Father’s Day is a time to celebrate the fathers or father figures in our lives. Fathers play an essential role in a child’s life and positively influence our society.
Children learn through modeling behavior. Both men and women are vital to children’s emotional, social, and intellectual growth because males and females communicate, think, feel, react, respond, perceive, love, need, and appreciate differently.
Traditionally fathers have been the breadwinner, disciplinarians, and authority figures. But societal roles and boundaries have significantly shifted over the years. Today’s father has developed past the traditional model. What hasn’t changed is the role of being a dad and how dads affect and shape children.
Presently, dads are significantly involved in parenting in a more direct, intimate, and present way. In fact, a present and involved father is key to better outcomes on nearly every measure of child’s wellbeing. According to Psychology Today, “Fathers are not just helpers for mothers but are important to children in their own right. For example, children with sensitive and supportive fathers have higher levels of social competence and better peer relationships. Children whose fathers provide them with learning materials and speak with them frequently perform better in school and have more advanced language skills.”
For my son, it is critical for me that my husband is involved in all parts of his life. He is a role model for him – showing my son what it truly means to be a well-rounded man and member of our society.
Fathers and father figures must truly lead by example. They must attend the soccer games and dance recitals, take the time out of their day to sit and help with homework, or listen to their children’s frustrations from school.
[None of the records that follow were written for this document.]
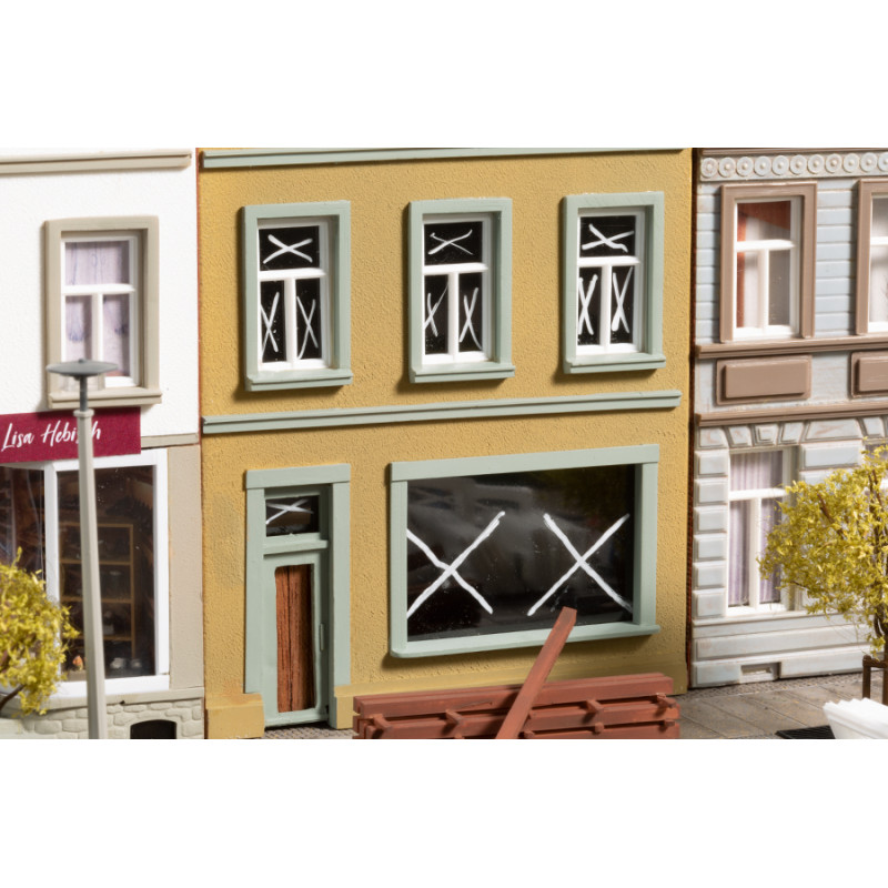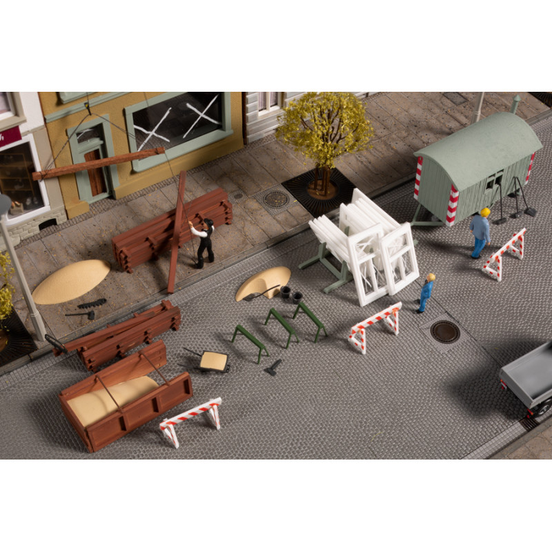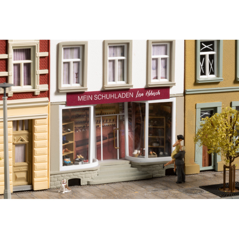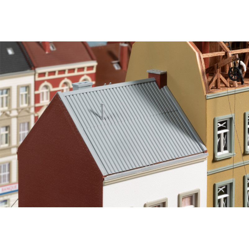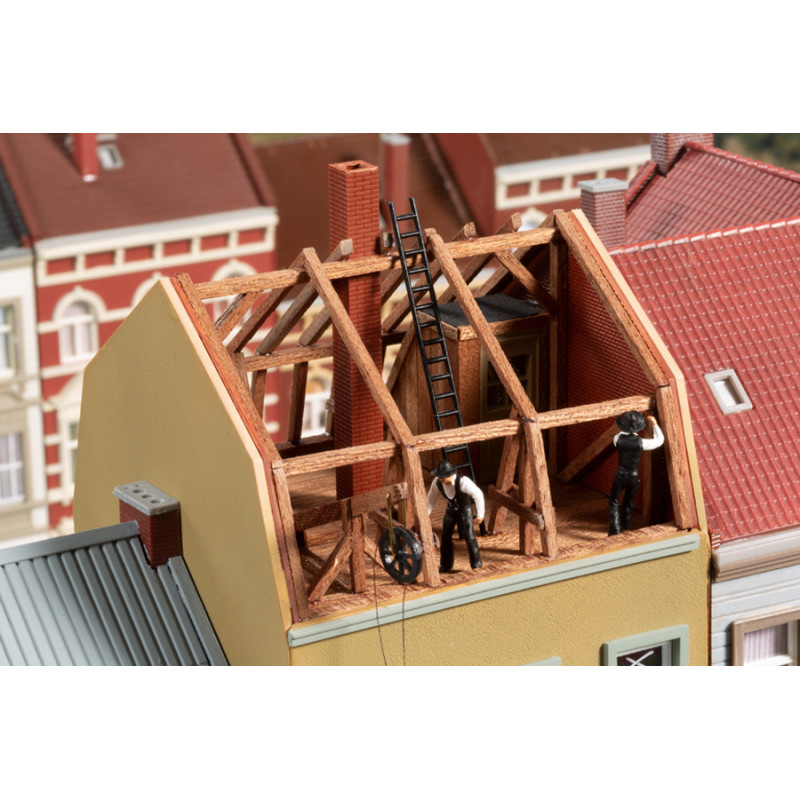 Městské domy na Schmidtstrasse jsou již léta na mnoha modelech železnice. Ulice se opět prodlužuje. Na návrh účastníka semináře Auhagen byl postaven dům s obchodem s obuví. Poutavý je zejména interiér obchodu a design vchodu se zakřivenými výlohami. Šedá střecha vede ke změně na Schmidtstrasse. Druhá budova je v současné době v rekonstrukci. Pro jistotu jsou okenní tabule natřeny bílými křížky na znamení, že jsou v nich skleněné tabule! Tesaři pracují na střešní konstrukci. Materiál je přepravován nahoru tahem za lano přes kladku. Sada obsahuje mnoho stavebního náčiní: hromady dřeva, podstavce, okna, nářadí všeho druhu a štěrkový žlab ze silných dřevěných prken. Varovné rohy jsou vytištěny na modelu stavebního přívěsu.
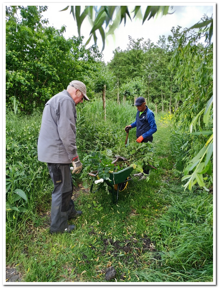 En uiteraard de vaste klus wat je elke week wel moet doen is het uitgraven van berenklauwen en eventueel braam. Dit werd gedaan door Johan en Ad. Ze hadden weer een paar kruiwagens vol.
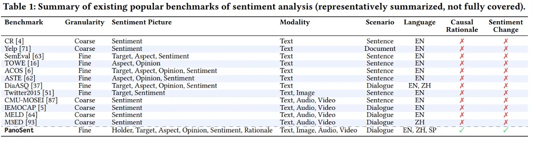 新加坡国立大学联合武汉大学、奥克兰大学、新加坡科技设计大学、南洋理工大学团队近期在这个方向上迈出了重要的一步,探索了情感分析的终极形态,提出了 PanoSent ------ 一个全景式细粒度多模态对话情感分析基准。PanoSent 覆盖了全面的细粒度、多模态、丰富场景和认知导向的情感分析任务,将为情感计算方向开辟新的篇章,并引领未来的研究方向。该工作被 ACM MM 2024 录用为 Oral paper。
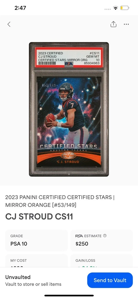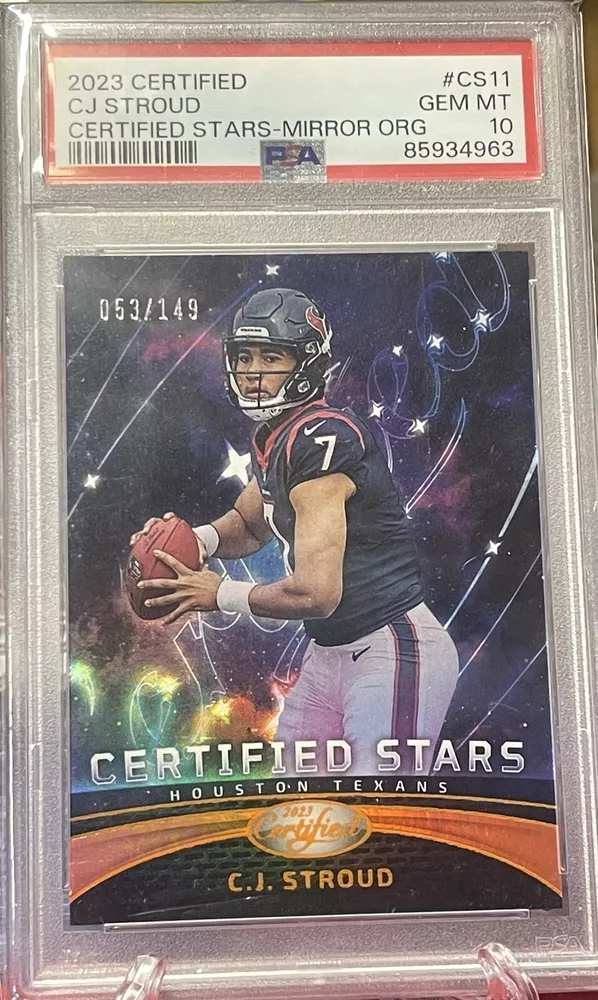 This lot features six high-grade sports trading cards, including some of the most sought-after players in the National Football League. The cards are from Panini and come in standard size. None of the cards are autographed, but they do have features like serial numbered, short print, base set, exclusive, rookie, collector's edition, and insert. The lot includes players like Deshaun Watson, D'Andre Swift, Derrick Henry, and CJ Stroud. The cards are all original. These cards are well-represented, and the lot is perfect for anyone who wants to add some high-quality cards to their collection. Just the Certified Stars card is worth $250+ get your moneys worth by adding 5 more graded cards for dirt cheap. Don’t worry about loosing money on this one!
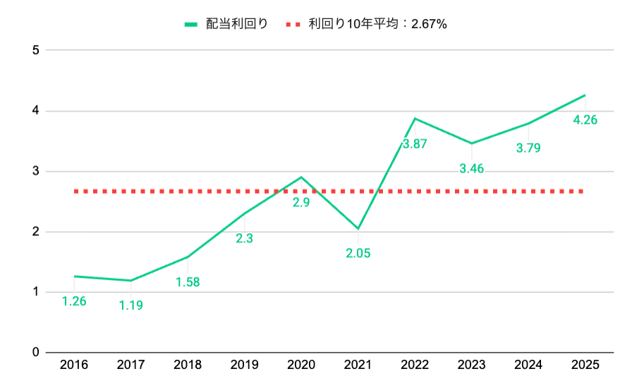 - 増配と高利回りの両立:5期連続で増配を続け、配当はこの5年で約2.4倍に。利回りは4%超と東証平均を大きく上回る
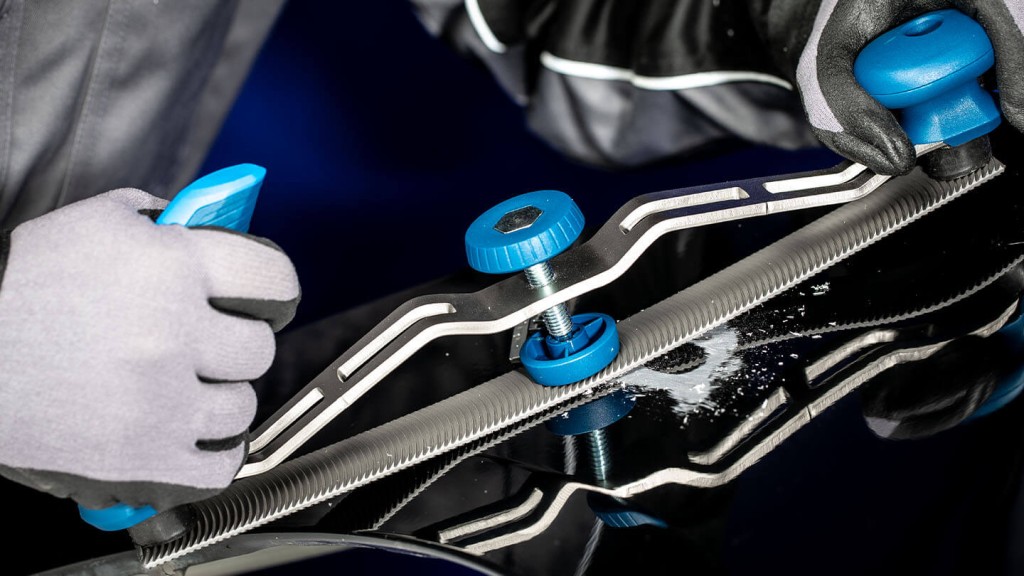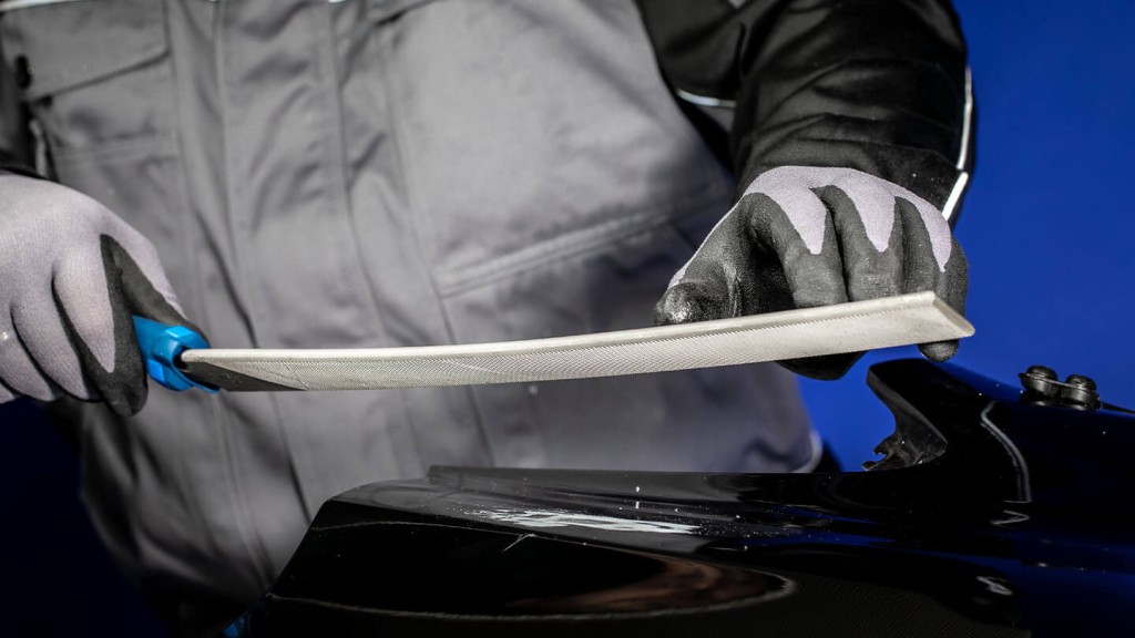 Karosseriefeilenblätter können in einen Karosseriefeilenhalter eingespannt werden, um an die zu bearbeitende Kontur angepasst zu werden.

According to research from the University of Wisconsin-Madison, “In numerous studies, positive father involvement is associated with children’s higher academic achievement; greater school readiness; stronger math and verbal skills; greater emotional security; higher self-esteem; fewer behavioral problems; and greater social competence than found among children who do not have caring, involved fathers.”
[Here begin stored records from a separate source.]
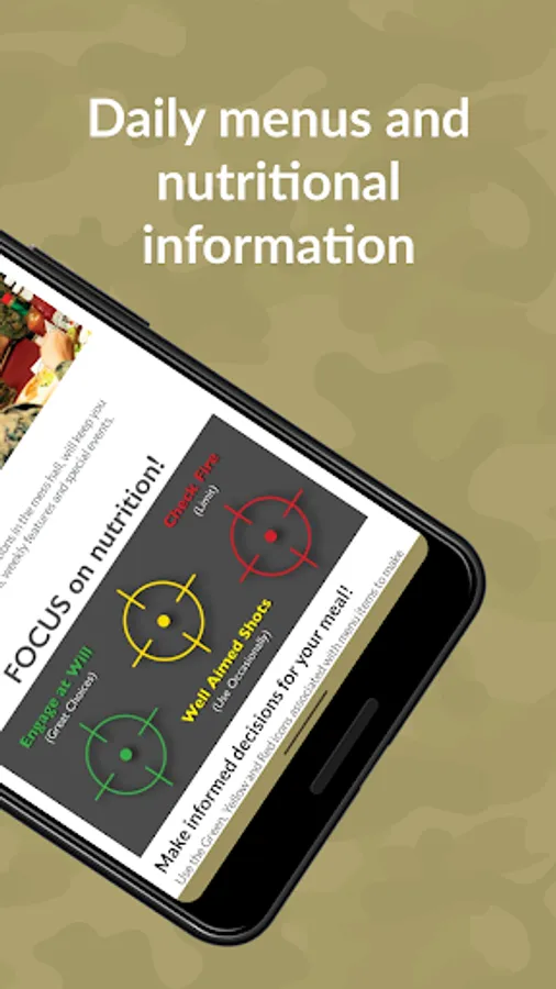 • View monthly events, promotions and additional information about the mess halls in the News feed
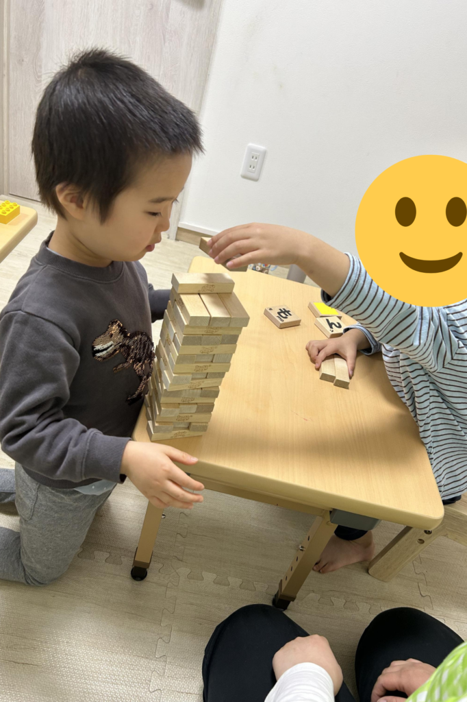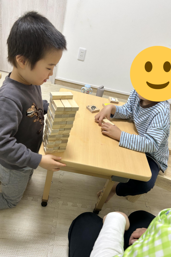 ジェンガを一緒に積み上げる遊びに🌟
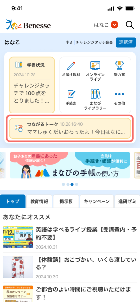 • ※つながるトークは、「チャレンジタッチ」ご利用のお子さまとおうちのかた向けのサービスです。

My son and my daughters are constantly watching how my husband treats others and they use that as a standard for their own lives. He is the measure by which they establish healthy male relationships. Children are always watching their parents, which is why what a father says and does matters.
Parents and parent figures must also raise their sons to understand their own worth and importance as a part of the family unit. Sons who take this responsibility seriously grow up to become good fathers. This expectation must be set at a young age, along with the standards we expect from our sons, which give them something to aspire to.
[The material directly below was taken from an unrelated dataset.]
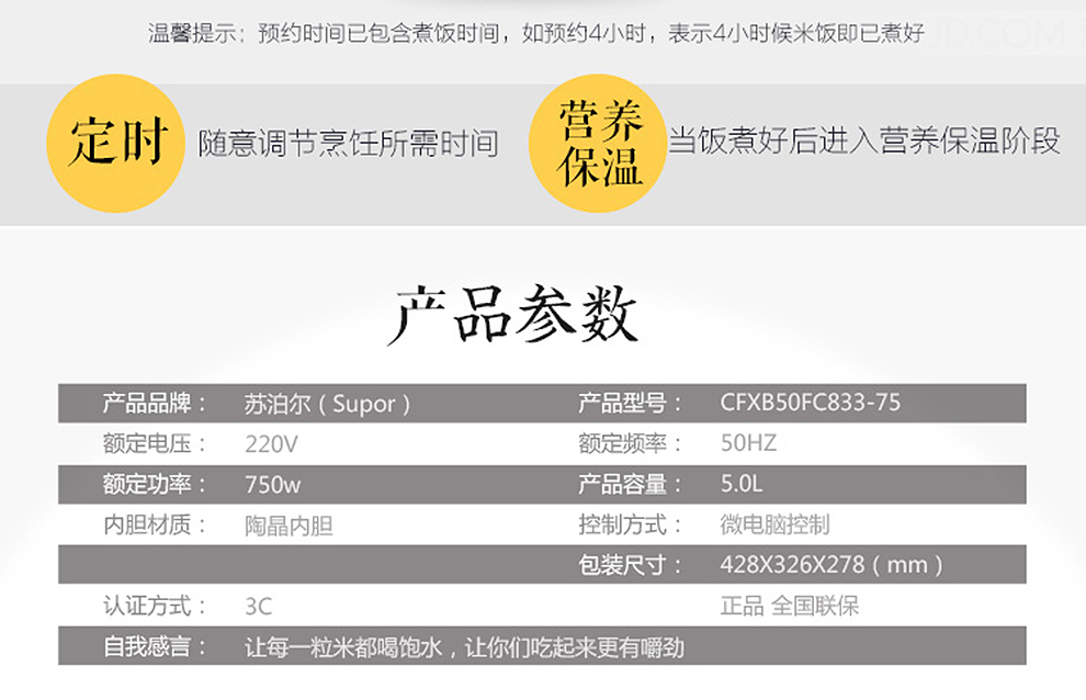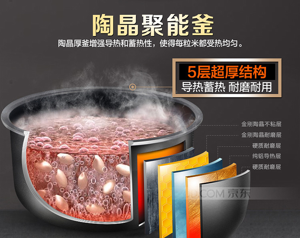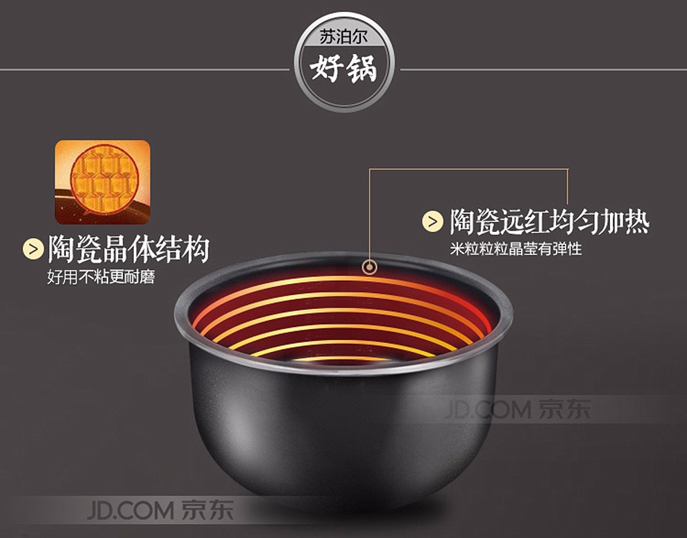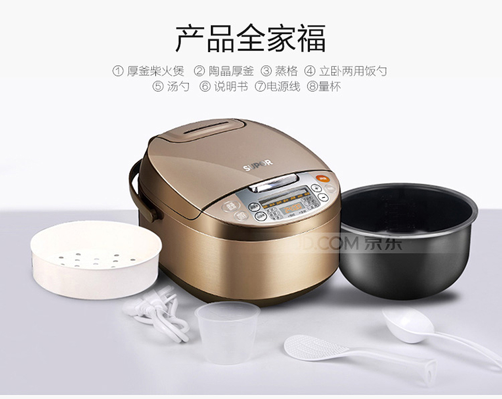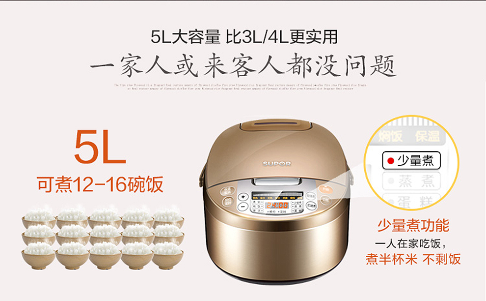 商品名称:苏泊尔(SUPOR) 电饭煲 5L大容量陶晶厚釜内胆 多功能家用电饭锅金属拉丝机身 CFXB50FC833-75 5L可用4-6人

I urge everyone this Father’s Day to recognize the father and father figures in their lives with the gift of time, love, and appreciation. Be present, talk, and listen. Take the time to tell your dad or father figure just how much you appreciate his love and commitment to you over the years and how much you’ve learned from him. Let him know how much of a difference he’s made in your life.
And for those fathers who have fallen short, it is never too late to become the father you aspire to be or need to be for your children.
Happy Father’s Day to my dad, father-in-law, and husband.